Two python bindings on CPU¶

sess_ort = InferenceSession(
    onnx_model.SerializeToString(), providers=["CPUExecutionProvider"]
)
sess_ext = OrtSession(onnx_model.SerializeToString())

x = numpy.random.randn(10, 10).astype(numpy.float32)
y = x + 1

y_ort = sess_ort.run(None, {"X": x})[0]
y_ext = sess_ext.run([x])[0]

d_ort = numpy.abs(y_ort - y).sum()
d_ext = numpy.abs(y_ext - y).sum()
print(f"Discrepancies: d_ort={d_ort}, d_ext={d_ext}")

Discrepancies: d_ort=0.0, d_ext=0.0

Time measurement¶

run_1_1 is a specific implementation when there is only 1 input and output.

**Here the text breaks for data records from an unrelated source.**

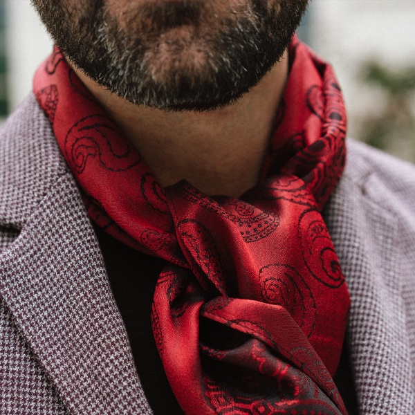 Aujourd’hui, pour un usage quotidien, on choisit un foulard soie homme rectangulaire 45×160/170cm et on le noue façon “Ascot”. Le plus facile, c’est de faire un nœud simple sous le menton et de placer les deux pans à l’intérieur du col de chemise. Motifs cachemire, géométrique ou mini motifs cravates conviennent très bien, privilégiez des coloris marquants si vous voulez éclairer votre silhouette. Découvrez nos modèles “Elégance” et “Ombré” du 100% Soie Bio Gots, en impression numérique. et notre modèle “Charles” rouge 100% soie en tissage Jacquard.
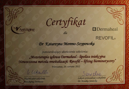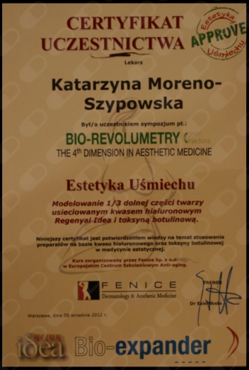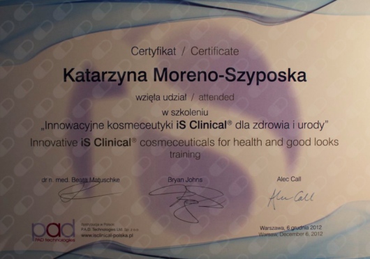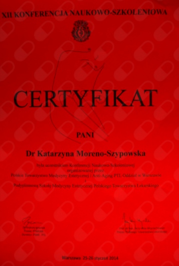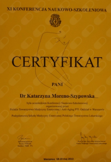 Chcąc szerzej zajmować się estetyką w pracy i rozwijać się zawodowo ukończyła prestiżowe ,trzyletnie studia podyplomowe w PSME ( Podyplomowej Szkole Medycyny Estetycznej i Anti-Aging) Polskiego Towarzystwa Lekarskiego w Warszawie i uzyskałam tytuł dyplomowanego lekarza medycyny estetycznej .
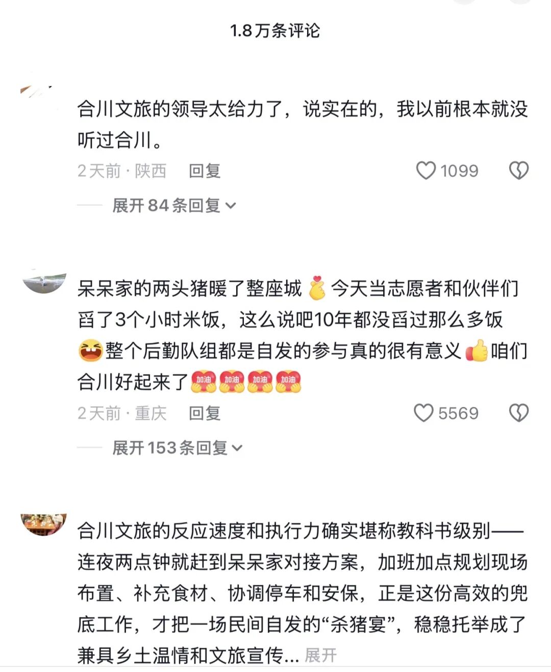 合川文旅就是一個典型的例子,呆呆的視頻剛火不到24小時,當?shù)匚穆貌块T就帶著釣魚城景區(qū)門票、合川桃片糕趕到現(xiàn)場,一邊幫著招呼游客、搭手干活,一邊連夜梳理出城區(qū)及鎮(zhèn)街的“刨豬湯打卡點”,附上地址和聯(lián)系電話,讓自發(fā)而來的游客有處可去、有景可逛。
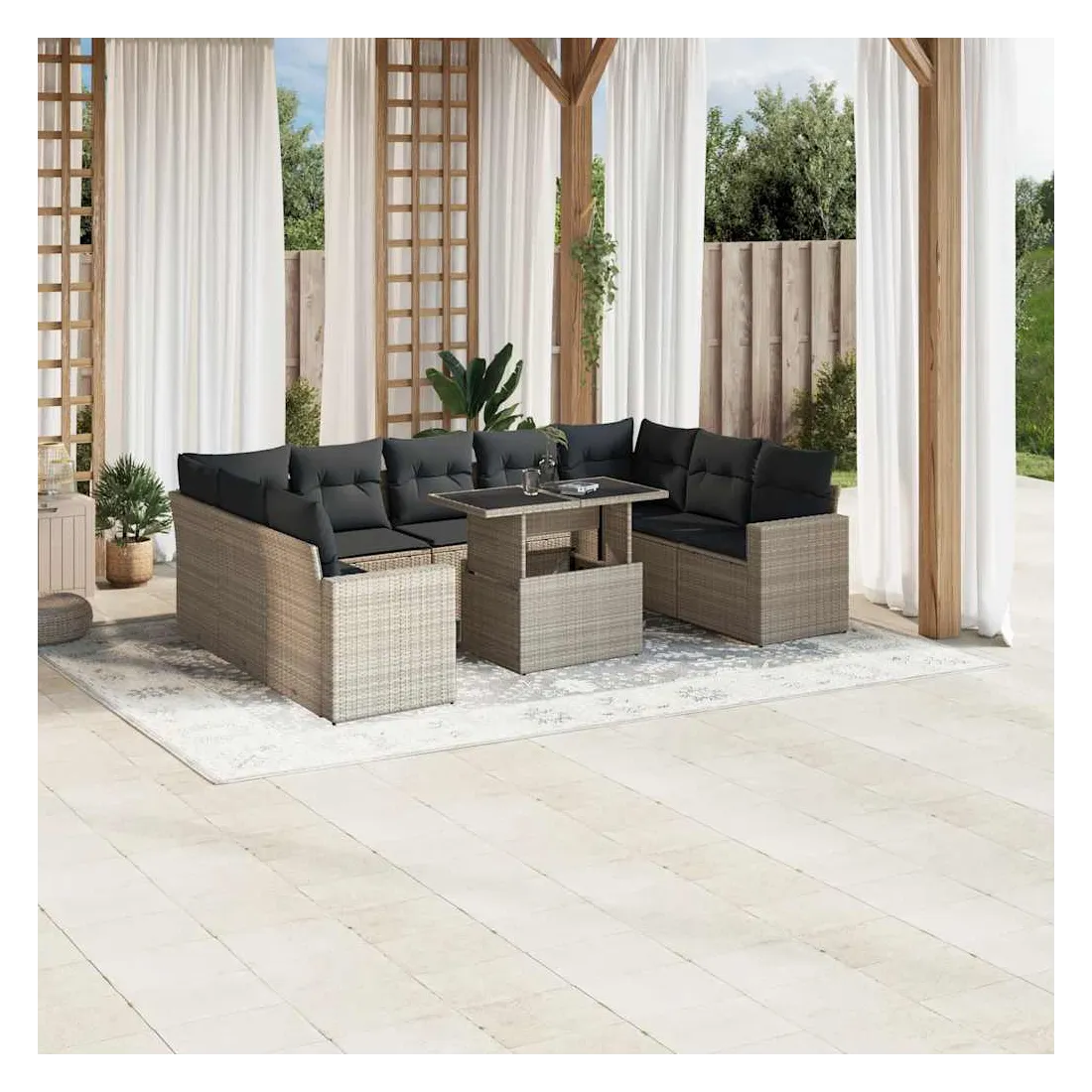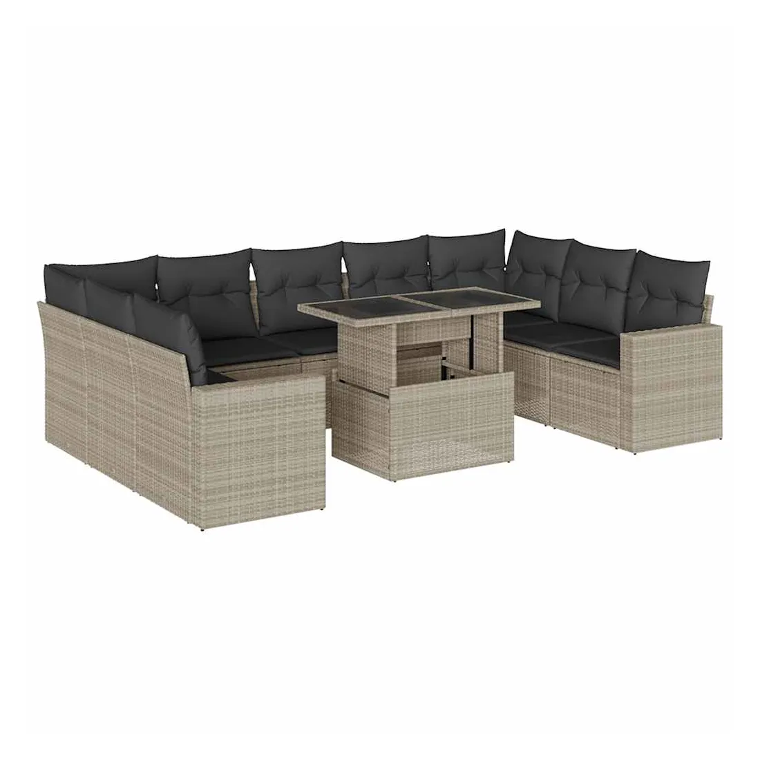 Cet ensemble de canapés de jardin est le complément parfait de votre arrière-cour, terrasse ou patio, offrant un espace confortable et accueillant pour discuter avec la famille et les amis ou simplement se détendre et profiter de l'extérieur. Matériau durable : la résine tressée, également connue sous le nom de poly rotin, est un matériau synthétique solide et nécessitant peu d'entretien qui ressemble au rotin naturel. Elle est légère, facile à nettoyer et couramment utilisée pour les meubles d'extérieur en raison de sa durabilité et de ses propriétés de résistance aux intempéries.Dessus de table réglable : le dessus de table peut être soulevé pour rendre la table plus haute, ce qui transforme la table d'extérieur d'une table basse à une table de salle à manger. Elle est parfaite pour recevoir des invités ou prendre des repas à l'extérieur.Expérience d'assise confortable : ce mobilier d'extérieur, doté de coussins épais, offre une expérience d'assise confortable.Housse amovible et lavable : ces coussins de siège sont dotés de housses amovibles pour un lavage et un entretien faciles.Conception modulaire : cet ensemble de meubles d'extérieur a une conception modulaire, ce qui le rend complètement flexible et facile à déplacer, afin que vous puissiez créer un agencement de meubles d'extérieur personnalisé. Bon à savoir :Pour que vos meubles d'extérieur restent beaux, nous vous recommandons de les protéger avec une housse imperméable.

t_ort = measure_time(lambda: sess_ort.run(None, {"X": x})[0], number=200, repeat=100)
print(f"t_ort={t_ort}")

t_ext = measure_time(lambda: sess_ext.run([x])[0], number=200, repeat=100)
print(f"t_ext={t_ext}")

t_ext2 = measure_time(lambda: sess_ext.run_1_1(x), number=200, repeat=100)
print(f"t_ext2={t_ext2}")

t_ort={'average': np.float64(8.800695600439212e-06), 'deviation': np.float64(3.2317274547585347e-06), 'min_exec': np.float64(6.509124996227911e-06), 'max_exec': np.float64(2.5537954998071654e-05), 'repeat': 100, 'number': 200, 'ttime': np.float64(0.0008800695600439212), 'context_size': 64, 'warmup_time': 9.531000068818685e-05}
t_ext={'average': np.float64(1.142005009978675e-05), 'deviation': np.float64(6.837867590795209e-06), 'min_exec': np.float64(4.6483200003422095e-06), 'max_exec': np.float64(3.5735434994421664e-05), 'repeat': 100, 'number': 200, 'ttime': np.float64(0.001142005009978675), 'context_size': 64, 'warmup_time': 0.00010029300028691068}
t_ext2={'average': np.float64(5.685612549950747e-06), 'deviation': np.float64(1.4660172944859024e-06), 'min_exec': np.float64(3.7554049958998803e-06), 'max_exec': np.float64(7.638394999958108e-06), 'repeat': 100, 'number': 200, 'ttime': np.float64(0.0005685612549950747), 'context_size': 64, 'warmup_time': 8.761199933360331e-05}

Benchmark¶

dims = [int(i) for i in script_args.dims.split(",")]

data = []
for dim in tqdm(dims):
    if dim < 1000:
        number, repeat = script_args.number, script_args.repeat
    else:
        number, repeat = script_args.number * 5, script_args.repeat * 5
    x = numpy.random.randn(dim, dim).astype(numpy.float32)
    t_ort = measure_time(
        lambda x=x: sess_ort.run(None, {"X": x})[0], number=number, repeat=50
    )
    t_ort["name"] = "ort"
    t_ort["dim"] = dim
    data.append(t_ort)

    t_ext = measure_time(lambda x=x: sess_ext.run([x])[0], number=number, repeat=repeat)
    t_ext["name"] = "ext"
    t_ext["dim"] = dim
    data.append(t_ext)

    t_ext2 = measure_time(lambda x=x: sess_ext.run_1_1(x), number=number, repeat=repeat)
    t_ext2["name"] = "ext_1_1"
    t_ext2["dim"] = dim
    data.append(t_ext2)

    if unit_test_going() and dim >= 10:
        break


df = DataFrame(data)
df

  0%|          | 0/4 [00:00<?, ?it/s]
100%|██████████| 4/4 [00:02<00:00,  1.65it/s]
100%|██████████| 4/4 [00:02<00:00,  1.65it/s]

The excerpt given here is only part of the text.